探知機欲しい
冬になると物が欲しくなる。寒くて引き籠もり体質になるので諸々の欲求は「物欲」という形で現れるのである。今回の事の発端は元旦の新聞広告であった。ホームセンターの初売り広告にGPSレーダー探知機5000円というのがあったのだ。いきなりモノの良し悪しはわからないがとりあえずGPSレーダーが5000円は安いのである。
初めてお聞きするひとのためにGPSレーダー探知機とは何かご説明したい。そもそもレーダー探知機とは警察が行う速度取り締まり・・・いわゆるネズミ捕りをドライバーに事前に知らせてくれる機械である。ネズミ捕りの際に使われるスピードガンから発せられるレーダー電波をキャッチして警報を出す機械なのである。また国道や高速道路に設置される固定式の速度取り締まり装置(オービスといわれる)にも同様に有効な装置なのであったが、警察もバカではなくレーダー探知機に対する対抗措置としてオービスに関しては電波式ではなく道路に速度照査装置を埋め込むタイプに変更していった。したがってオービスの探知はレーダー探知機では出来なくなってしまったのだ。しかしメーカーも負けてはいなかった。今度は宇宙空間に浮かぶ位置測定衛星(GPS)を使い自車の位置を正確に割り出すことによってレーダー探知機に事前に登録されたオービスの位置情報と照合してオービスへの接近をドライバーに警告するという「GPSレーダー探知機」というものを売り出したのだ。

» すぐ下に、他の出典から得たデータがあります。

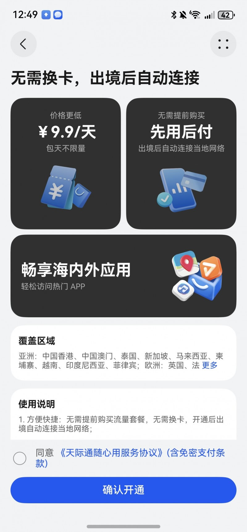 緊接著,天際通第二重禮·隨心用——9.9元/天多地流量隨心用,針對多地旅行或深度游用戶,天際通推出「9.9元/天多地流量隨心用」服務,用戶無需換卡,支持先用后付,按需付費。每24小時僅需9.9元,享5GB高速流量+常速不限量,覆蓋歐美、東南亞等50個熱門地區;單次開通長期有效,不用不扣費,聯程轉機無縫銜接。

発売当初は大変高価なモノだったのだが昨今の電気製品の価格低下の例に漏れず近年安くなってきたのではあるが5000円とは安すぎるのだ。初売りは2日からで2日はちょうど新年の挨拶でしな子実家へ行く用事があり、そのホームセンターもしな子実家への通りがけなのだ。ホームセンターは9時開店であったが9時半頃そのお店に立ち寄ったところ、すでにお目当てのGPSレーダー探知機は売り切れていた。

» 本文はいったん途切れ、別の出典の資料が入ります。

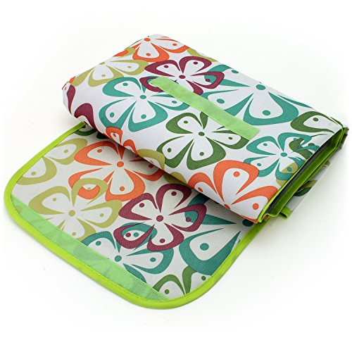 CampTeck U6526 XL 200 x 145cm Pieghevole Coperta Picnic Impermeabile Tappeto Picnic con Maniglia per Outdoor, Campeggio, Spiaggia - Fiore Verde
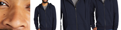 7.3 oz., 60% cotton, 40% polyester melange fleece; Self fabric scuba hood; Off-white drawcords; Set-on pouch pocket;

そもそも以前からGPSレーダー探知機が欲しかったわけでもなく、しなちく1号には壊れかかったGPS機能なしの旧式レーダー探知機が備わっていたのでそれほど困っていたわけでもなく悔しい買い逃しではなかったはずなのだ。しかし家に帰りネットで買い逃した製品を調べるとその製品は通常14000円程度で販売されている事や最近の製品は私が思っていた以上に機能が優れていることなどが分かりにわかに欲しくなってしまったのだ。こうなると逃した獲物はでかいのだ。私は電気製品を買うとき並々ならぬこだわりをみせる。今回も逃してしまった商品については仕方がないが買うとしたらどんな製品がよいのかネットを駆使して各社製品を比較し相場価格も調べ、さらには「2ちゃんねる掲示板」で個別製品やメーカーの評判等も調べて機種選別を行った。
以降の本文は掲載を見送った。